Notation of iterated composition of functions

Question

Let $f$ be a function from $A$ to $B$ such that the image $f(A)\subset A$. Is there a widely accepted notation for the expression $$f\circ\left(f\circ\cdots(f\circ f)\right),$$ where $f$ composite with itself $n$ times? I failed to find a natural way to include the information $n$ in the notation.

Answer 1

You wrote $f(B)\subset A$ but probably meant to write something like $B\subseteq A$ (or $f(A)\subseteq A$).

I would plead for presenting $f$ not as a function $A\to B$ but as a function $A\to A$.

This because $f\circ f$ is only properly defined if the codomain of $f$ coincides with the domain of $f$.

The collection $M$ of functions $f:A\to A$ can be looked at as a monoid with the map prescribed by $a\mapsto a$ as identity and composition of functions as (associative) multiplication.

In a monoid $\langle M,\circ\rangle$ it is quite common to write $f^n$ for expression $f\circ\cdots\circ f$ containing $f$ exactly $n$ times.

So this is a nice justification for that notation.

Answer 2

A cleaner way to define the function above and the notation is presented below.

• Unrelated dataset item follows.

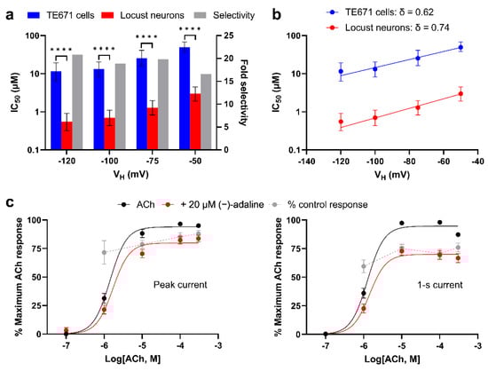 We further analysed the voltage-dependence by applying the Woodhull Equation (3) [33] to predict the depth of binding of (−)-adaline in the nAChR pore. Plots of IC50 (1-s) vs. VH revealed a significantly sloping relationship for inhibition of both TE671 cell and locust neuronal nAChR (p = 0.0015 and p = 0.0022, respectively) (Figure 4b). The slopes of the relationships predicted that the fractional distance of the electric field traversed (δ) when (−)-adaline binds was 0.62 for TE671 cells and 0.74 for locust neurons.

Let $f: A \longrightarrow A$ and for $n \in \mathbb{N}$, let $$ f^n(x) := \begin{cases} f(x), & n=1 \\ f(f^{n-1}(x)), & n>1. \end{cases} $$

A straightforward proof by induction shows that $f(f^n(x)) = f^n(f(x))$ for every natural number $n$.

Some have suggested the notation $f^{(n)}$ but, as noted in other comments, this is usually reserved for the $n^\text{th}$-derivative of $f$, which is also defined recursively.